Segment Start: Supplied material
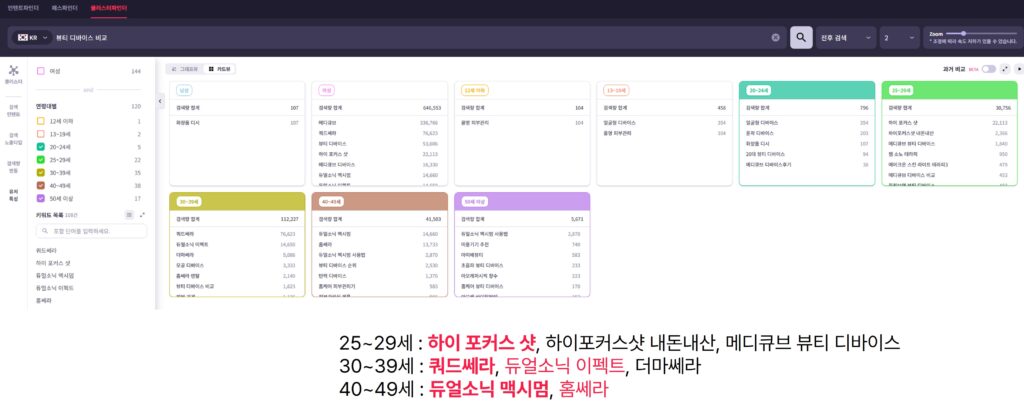 이어 ‘뷰티 디바이스 비교’ 전/후 2단계에 걸쳐 검색된 키워드들을 수집해보면 연령대별로 선호하는 브랜드가 다르게 나타납니다. 25-29세의 경우 ‘하이 포커스 샷’, ‘메디큐브’ 의 검색량이 대부분을 차지하고 있으며 30대는 ‘쿼드쎄라’ 라는 브랜드의 강세가 보입니다. 이 외 40대는 듀얼소닉 브랜드를 많이 검색하고 있습니다.
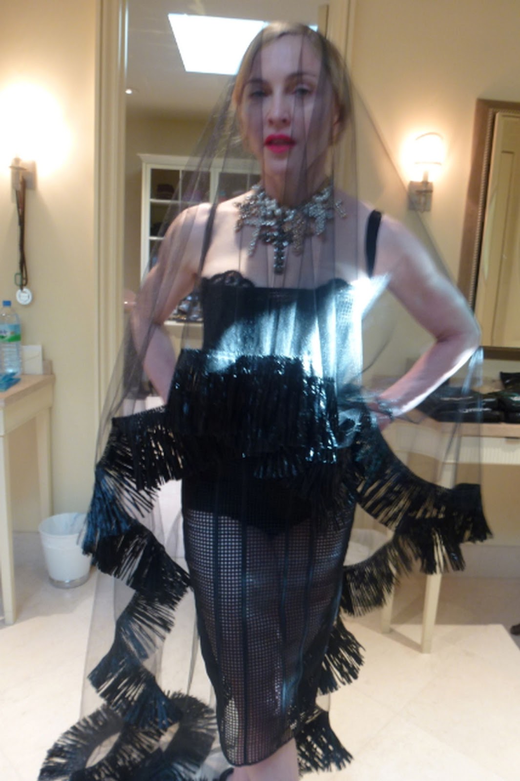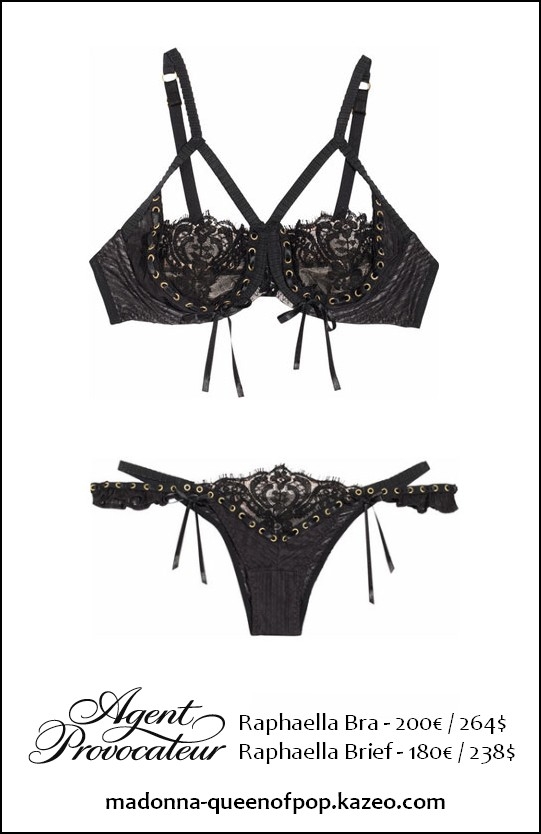 Además, el conjunto de ropa interior modelo «Raphaella» de la firma «Agent Provocateur» y un bolero de plumas en color rosa de la colección otoño-invierno 2011 de Alexandre Vauthier (fotos usadas para la portada del single «Girl Gone Wild»). Nótese que en estas fotografías, Madonna usó además la capa de encaje de la firma «Givenchy» y los guantes de cuero rojo de «Chanel» ambos usados durante la premiere del film «W.E.» en Londres a comienzos de 2012.
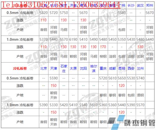 全國23個主要市場1.0mm 冷軋板卷平均價格5475元/噸,較上個交易日上調12元/噸。
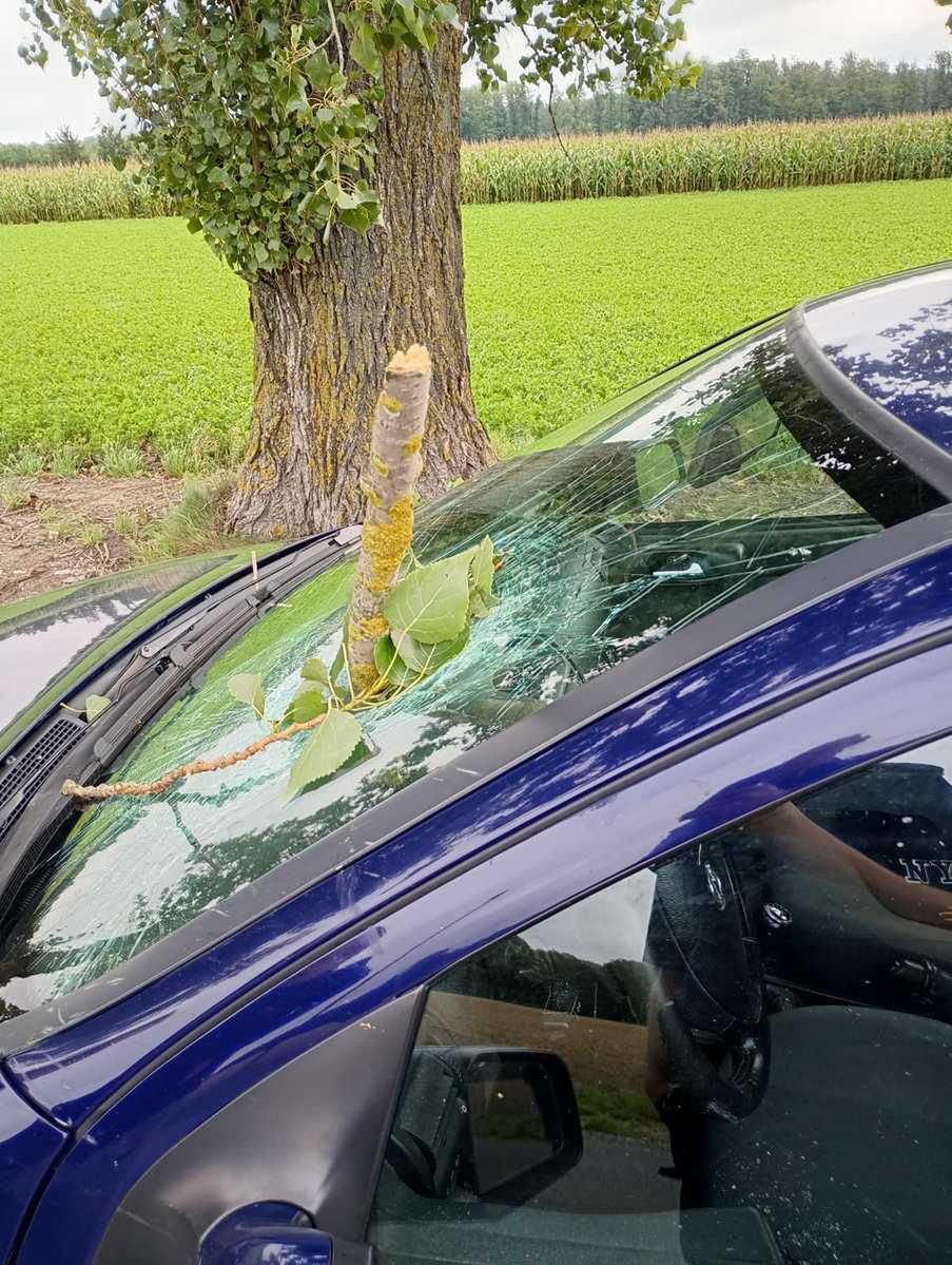 Szczepankowo: Złamany konar przebił szybę czołową osobówki
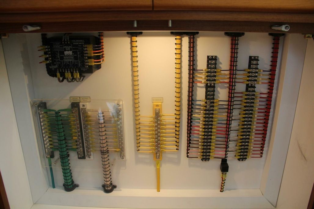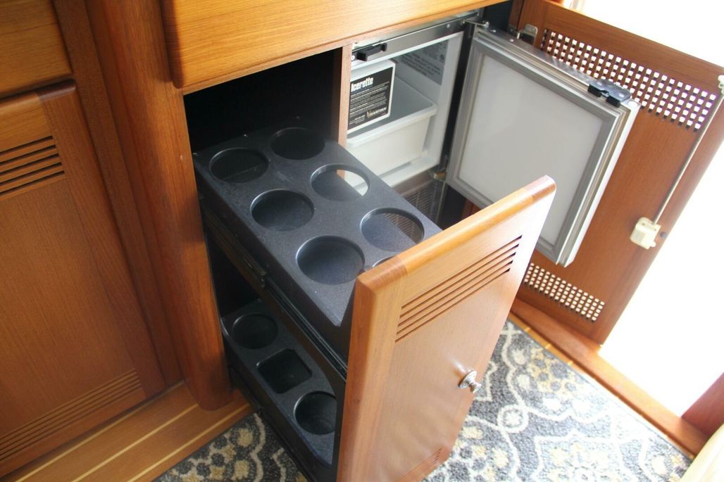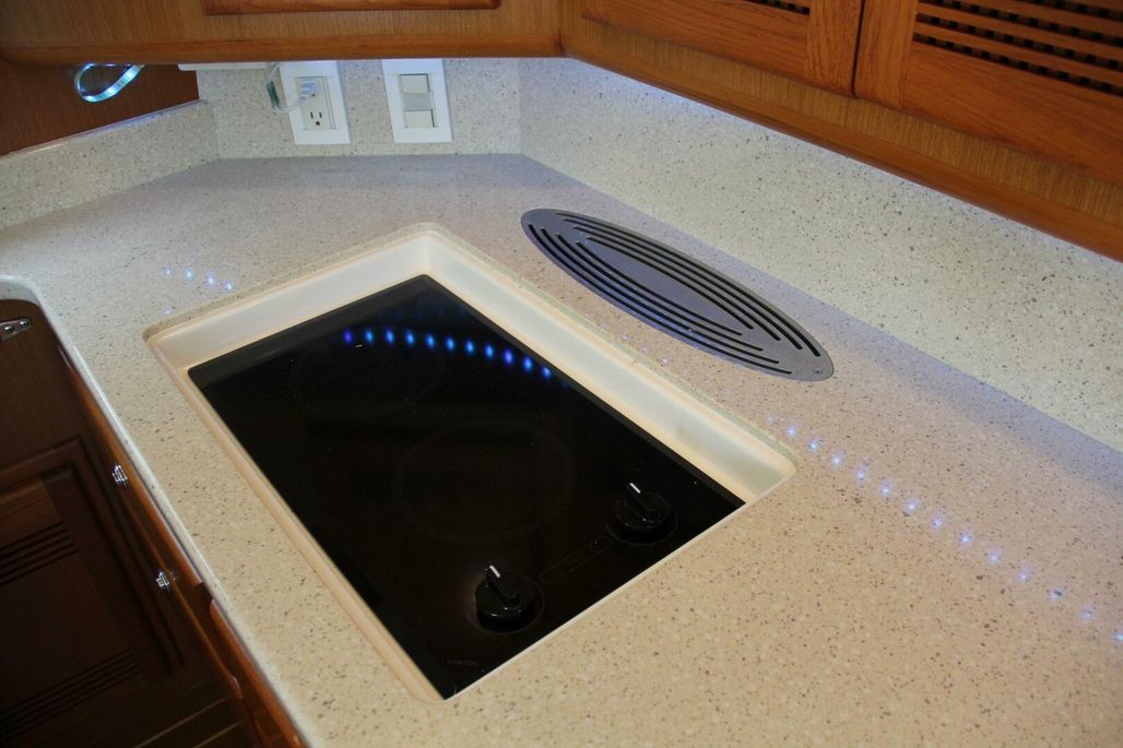 The interior shows like new — featuring pristine teak cabinetry, real teak and holly flooring, upgraded LED lighting throughout, and removed salon lambrequins to maximize natural light and highlight the factory matte-finish teak. There is truly ZERO boat odor aboard.
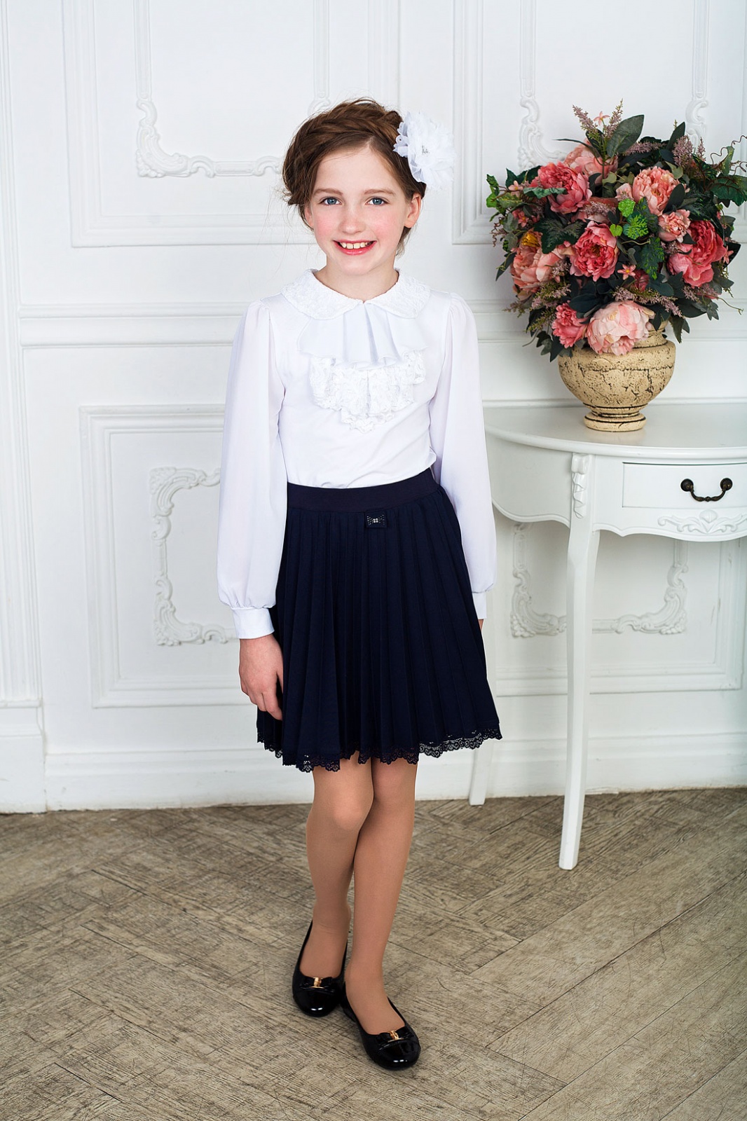 Описание: Блузка из трикотажного полотна ,с вставками из гипюра,с воротничком и длинным рукавом.Застежка -пуговицы.Рекомендована для школы.
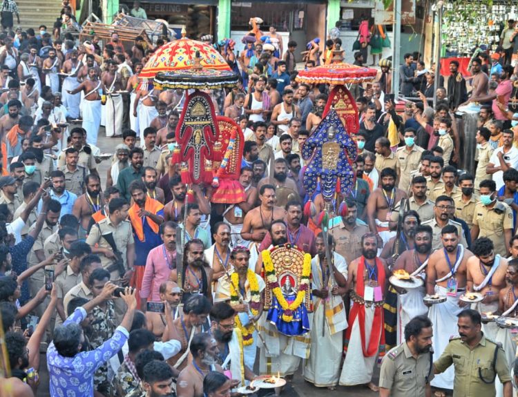Ambalapuzha and Alangad groups march through the Sheeveli procession with devotion
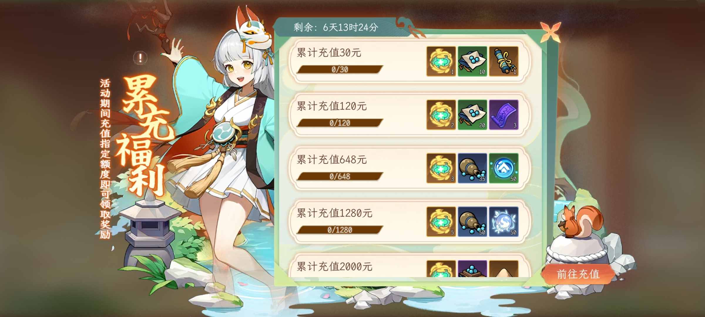 活动内容:活动期间,累计充值金额达到指定数量可以领取充值奖励。
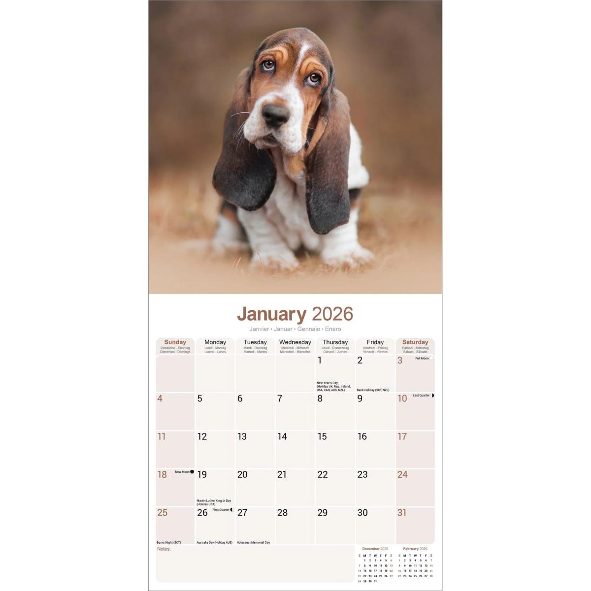Un calendrier de 16 mois utilisable à partir de septembre 2025 contenant 13 belles images de votre race de chien préférée, le BASSET HOUND. Le calendrier contient tous les jours fériés, les événements notables et les dates importantes. Le calendrier comporte également de grandes grilles pour prendre des notes sur ces dates spéciales à retenir.
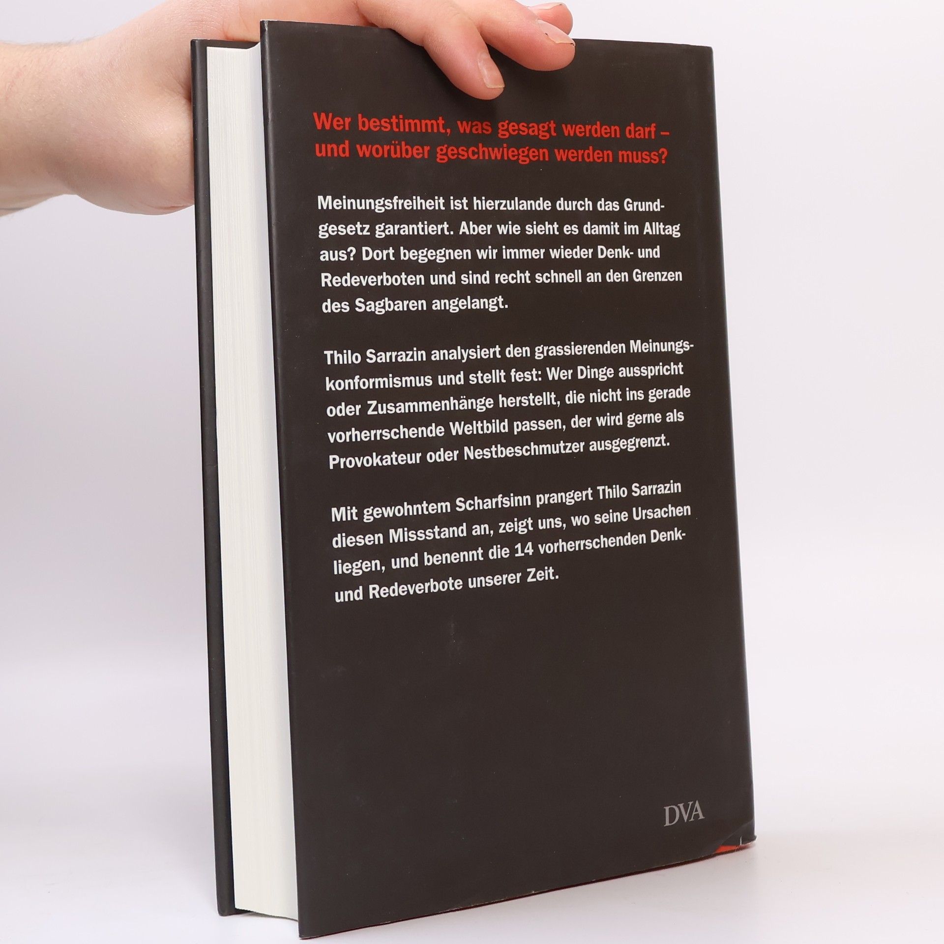 Meinungsfreiheit ist ein Grundrecht. Doch im Alltag begegnet man so manchem Denk- und Redeverbot. Thilo Sarrazin analysiert in seinem neuen Buch den grassierenden Meinungskonformismus. Wer Dinge ausspricht, die nicht ins gerade vorherrschende Weltbild passen, der wird gerne als Provokateur oder Nestbeschmutzer ausgegrenzt. Mit gewohntem Scharfsinn prangert Thilo Sarrazin diesen Missstand an, zeigt auf, wo seine Ursachen liegen, und benennt die 14 vorherrschenden Denk- und Redeverbote unserer Zeit.
Segment End: Supplied material
*Exercise brief*
Omit the pictures. Transcribe every record exactly.

*Answer section*
 이어 ‘뷰티 디바이스 비교’ 전/후 2단계에 걸쳐 검색된 키워드들을 수집해보면 연령대별로 선호하는 브랜드가 다르게 나타납니다. 25-29세의 경우 ‘하이 포커스 샷’, ‘메디큐브’ 의 검색량이 대부분을 차지하고 있으며 30대는 ‘쿼드쎄라’ 라는 브랜드의 강세가 보입니다. 이 외 40대는 듀얼소닉 브랜드를 많이 검색하고 있습니다.
 Además, el conjunto de ropa interior modelo «Raphaella» de la firma «Agent Provocateur» y un bolero de plumas en color rosa de la colección otoño-invierno 2011 de Alexandre Vauthier (fotos usadas para la portada del single «Girl Gone Wild»). Nótese que en estas fotografías, Madonna usó además la capa de encaje de la firma «Givenchy» y los guantes de cuero rojo de «Chanel» ambos usados durante la premiere del film «W.E.» en Londres a comienzos de 2012.
 全國23個主要市場1.0mm 冷軋板卷平均價格5475元/噸,較上個交易日上調12元/噸。
 Szczepankowo: Złamany konar przebił szybę czołową osobówki
 The interior shows like new — featuring pristine teak cabinetry, real teak and holly flooring, upgraded LED lighting throughout, and removed salon lambrequins to maximize natural light and highlight the factory matte-finish teak. There is truly ZERO boat odor aboard.
 Описание: Блузка из трикотажного полотна ,с вставками из гипюра,с воротничком и длинным рукавом.Застежка -пуговицы.Рекомендована для школы.
Ambalapuzha and Alangad groups march through the Sheeveli procession with devotion
 活动内容:活动期间,累计充值金额达到指定数量可以领取充值奖励。
Un calendrier de 16 mois utilisable à partir de septembre 2025 contenant 13 belles images de votre race de chien préférée, le BASSET HOUND. Le calendrier contient tous les jours fériés, les événements notables et les dates importantes. Le calendrier comporte également de grandes grilles pour prendre des notes sur ces dates spéciales à retenir.
 Meinungsfreiheit ist ein Grundrecht. Doch im Alltag begegnet man so manchem Denk- und Redeverbot. Thilo Sarrazin analysiert in seinem neuen Buch den grassierenden Meinungskonformismus. Wer Dinge ausspricht, die nicht ins gerade vorherrschende Weltbild passen, der wird gerne als Provokateur oder Nestbeschmutzer ausgegrenzt. Mit gewohntem Scharfsinn prangert Thilo Sarrazin diesen Missstand an, zeigt auf, wo seine Ursachen liegen, und benennt die 14 vorherrschenden Denk- und Redeverbote unserer Zeit.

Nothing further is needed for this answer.